▶ Prompt: Print every entry word for word, but omit the pictures.

▶ Listed entries:
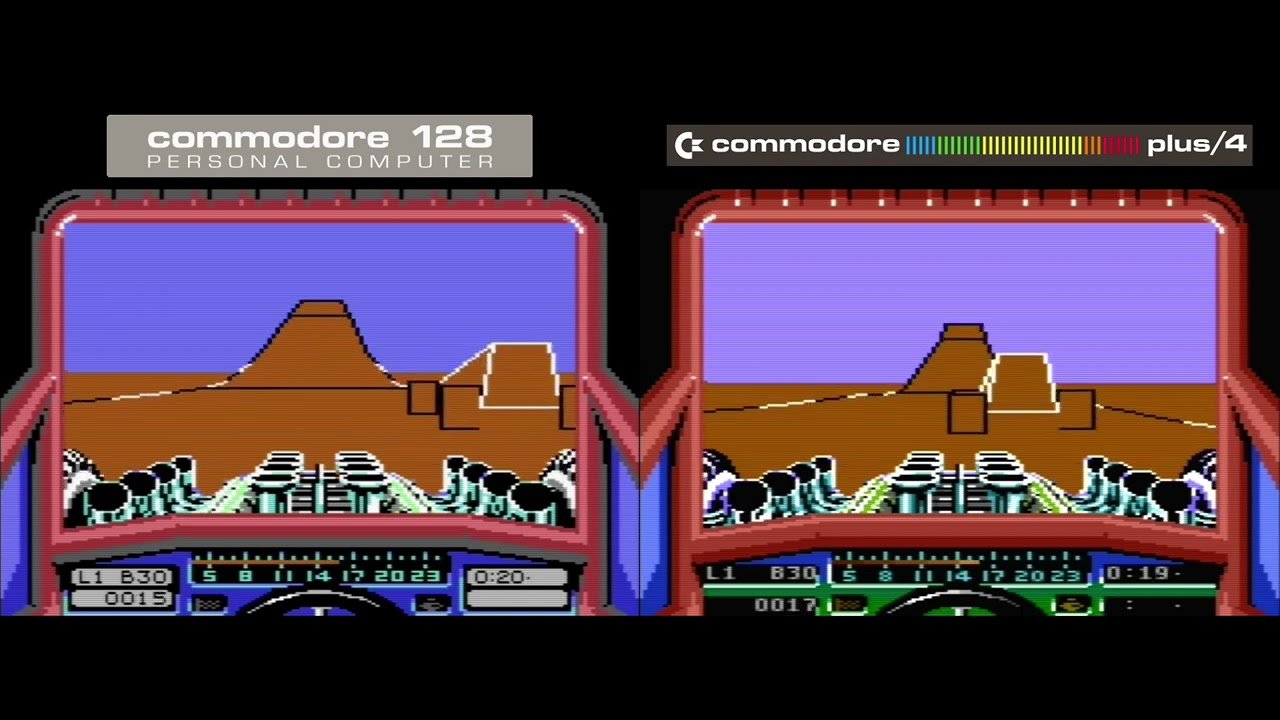 Here’s how the C128 version compares with the impressive Plus/4 Stunt Car Racer port.
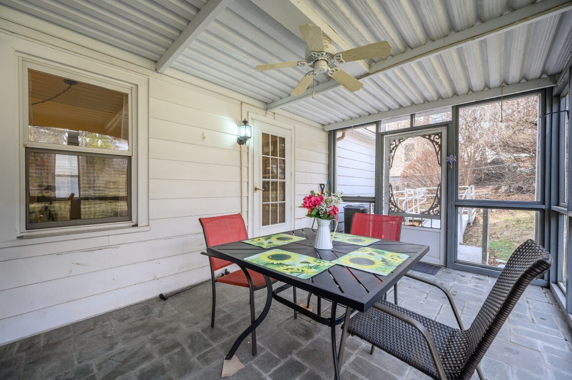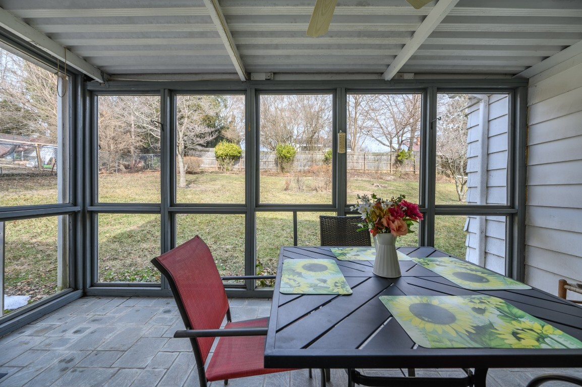 Sliding doors from the kitchen lead to the screened-in back porch expanding your living space and providing the perfect setting for outdoor relaxation without the nuisance of bugs or inclement weather. Dine al fresco or simply enjoying the delightful backyard views.
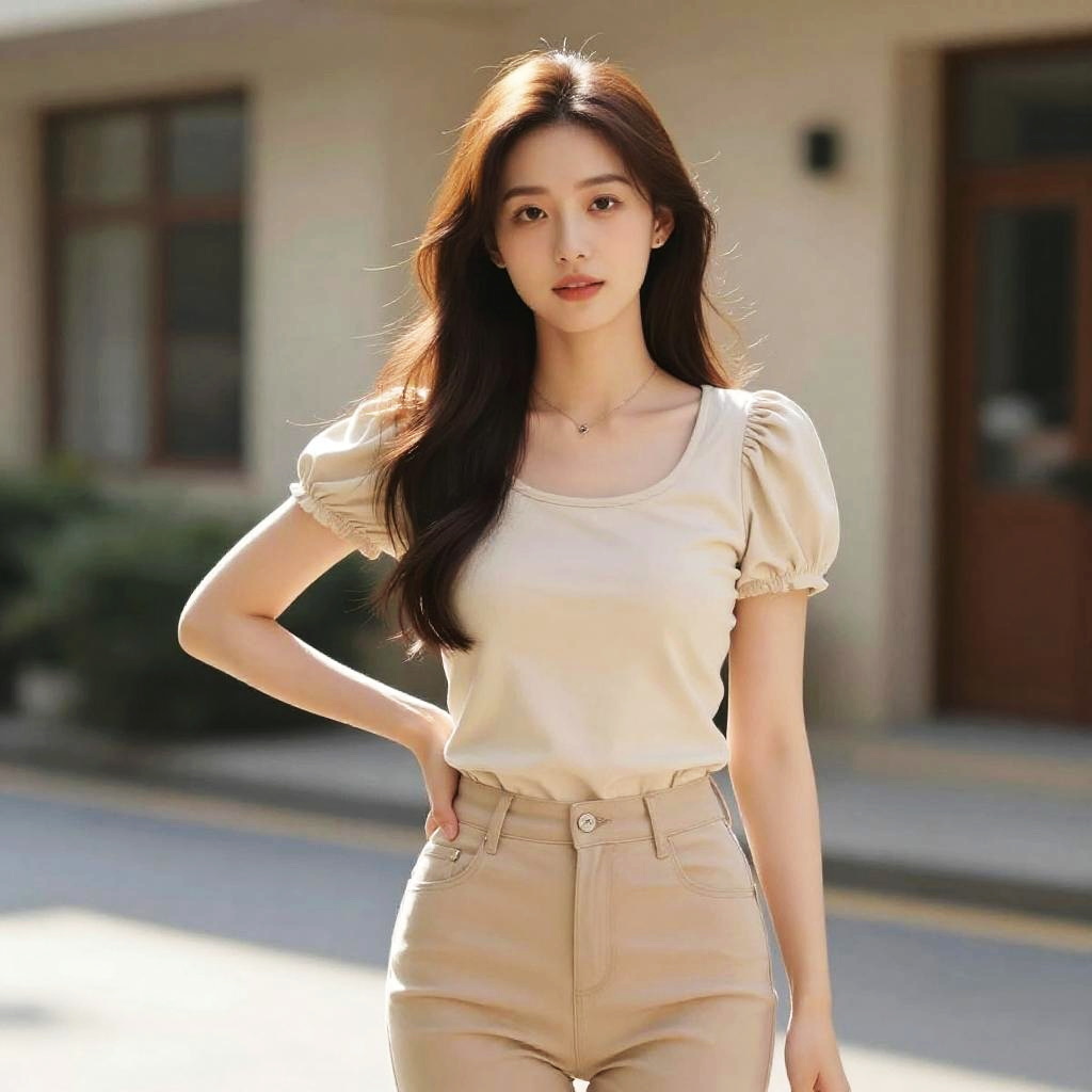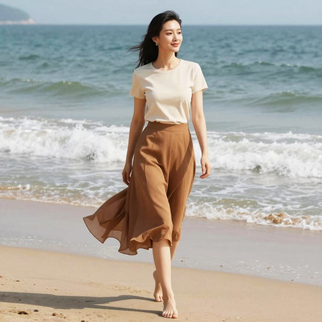 A fashionable woman walks gracefully along a serene beach, showcasing her flowing skirt and casual top. The gentle ocean waves create a picturesque backdrop, highlighting her confident and carefree spirit.
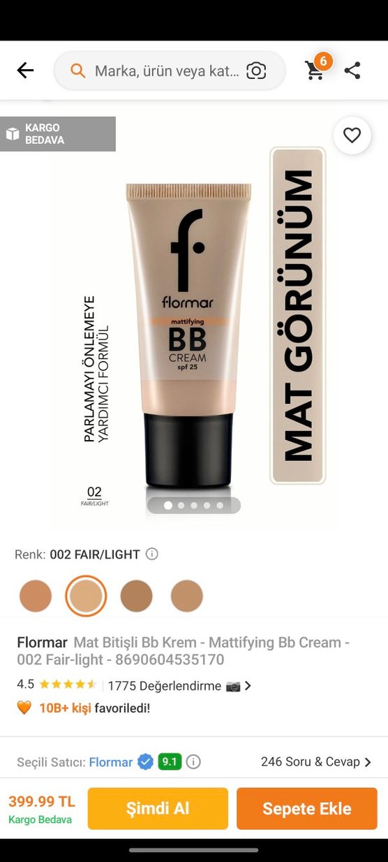Flormar Mat Bitişli BB Krem 002 Fair-Light, SPF 25 koruması ile parlama önleyici ve mat görünüm sağlar. Açık bej tonları için uygundur.
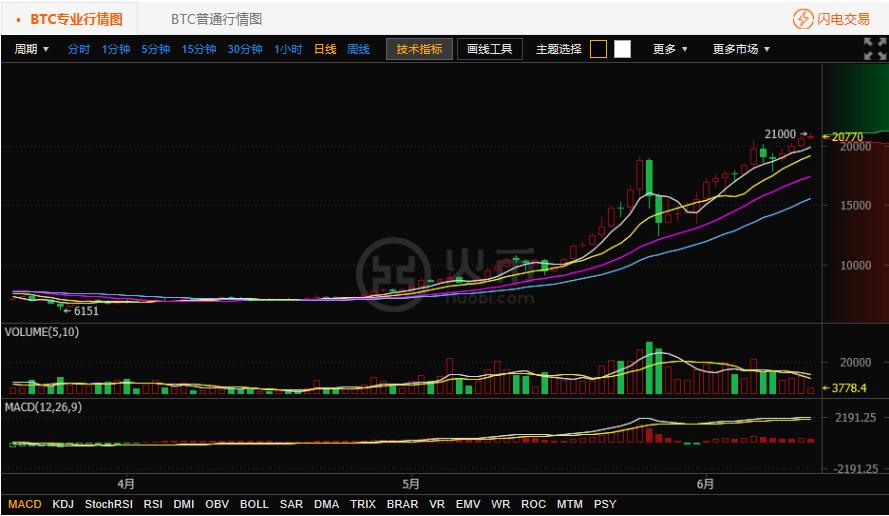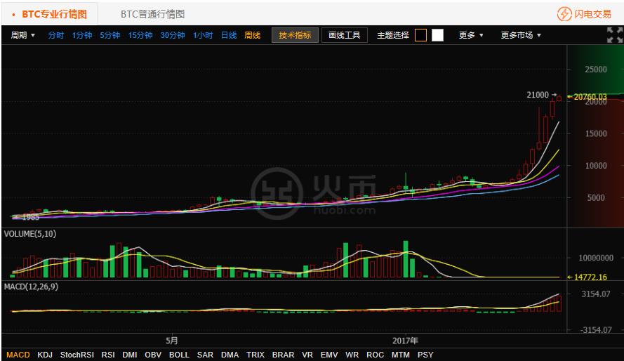 看火币网比特币行情周线图。火币网比特币价格已经连续上涨11周,上周直接突破前期长上影线高点19084元,强势特征明显。看火币网比特币行情日线图。均线呈现多头发散态势尚没有改变,币价沿MA5持续向上,每日涨幅均不是很大,且成交量较小,表明筹码锁定平稳,投资者预期基本一致,没有大幅的抛压盘。但同时需要注意的是,该情形一旦出现恐慌下跌,跌幅往往较大。火币网温馨提示:投资有风险,入市需谨慎。
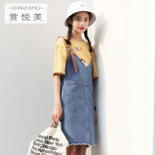 学生牛仔背带裙女2017新款韩版宽松春夏季V领连衣裙吊带中裙潮
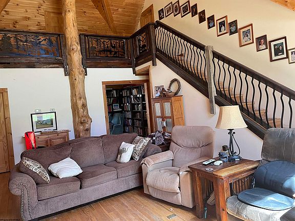 Log home on 2.94 acres, 10 minutes from Elkins, large deck, two stall garage, poured concert walls in basement, 24x24 foundation ready for a garage to be built, wooded & private, city water & city sewer, wood & propane heat with central air.
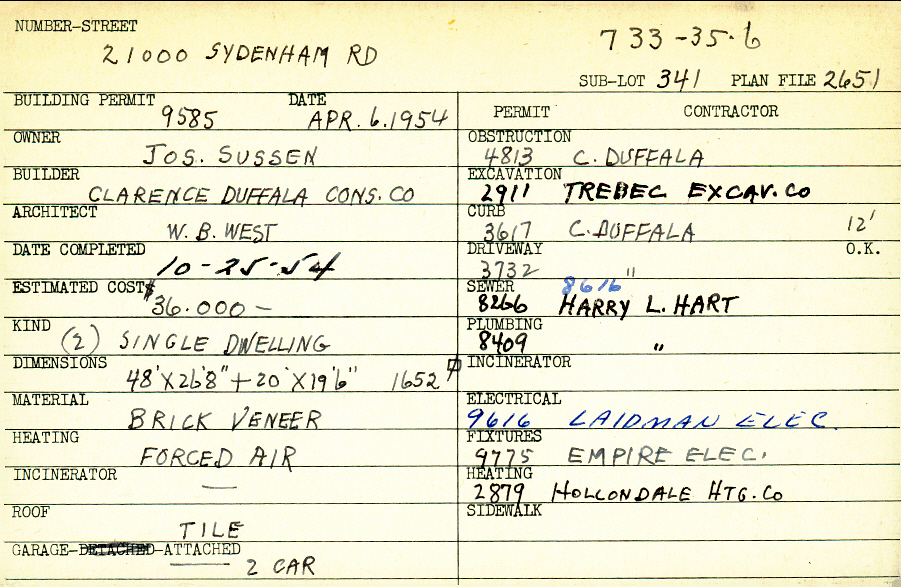 21000 Sydenham Road Shaker Heights, OH 44122 PARCEL ID: 733-35-006 Building Permit Date: 04-06-1954 Plan File Number: 2651 Microfilm Roll: Roll #37 Neighborhood: Mercer Owner: Sussen, Joseph Builder: Clarence Duffala Construction Company Architect: West, W. B. Estimated Cost: 36000 Date Completed: 10-25-1954 Kind: Single, Single Residence or Dwelling (2) Material: Brick Veneer Heating: Forced Air Roof: Tile Garage: attached 2 car |

▶ Answer section:
 Here’s how the C128 version compares with the impressive Plus/4 Stunt Car Racer port.
 Sliding doors from the kitchen lead to the screened-in back porch expanding your living space and providing the perfect setting for outdoor relaxation without the nuisance of bugs or inclement weather. Dine al fresco or simply enjoying the delightful backyard views.
 A fashionable woman walks gracefully along a serene beach, showcasing her flowing skirt and casual top. The gentle ocean waves create a picturesque backdrop, highlighting her confident and carefree spirit.
Flormar Mat Bitişli BB Krem 002 Fair-Light, SPF 25 koruması ile parlama önleyici ve mat görünüm sağlar. Açık bej tonları için uygundur.
 看火币网比特币行情周线图。火币网比特币价格已经连续上涨11周,上周直接突破前期长上影线高点19084元,强势特征明显。看火币网比特币行情日线图。均线呈现多头发散态势尚没有改变,币价沿MA5持续向上,每日涨幅均不是很大,且成交量较小,表明筹码锁定平稳,投资者预期基本一致,没有大幅的抛压盘。但同时需要注意的是,该情形一旦出现恐慌下跌,跌幅往往较大。火币网温馨提示:投资有风险,入市需谨慎。
 学生牛仔背带裙女2017新款韩版宽松春夏季V领连衣裙吊带中裙潮
 Log home on 2.94 acres, 10 minutes from Elkins, large deck, two stall garage, poured concert walls in basement, 24x24 foundation ready for a garage to be built, wooded & private, city water & city sewer, wood & propane heat with central air.
 21000 Sydenham Road Shaker Heights, OH 44122 PARCEL ID: 733-35-006 Building Permit Date: 04-06-1954 Plan File Number: 2651 Microfilm Roll: Roll #37 Neighborhood: Mercer Owner: Sussen, Joseph Builder: Clarence Duffala Construction Company Architect: West, W. B. Estimated Cost: 36000 Date Completed: 10-25-1954 Kind: Single, Single Residence or Dwelling (2) Material: Brick Veneer Heating: Forced Air Roof: Tile Garage: attached 2 car |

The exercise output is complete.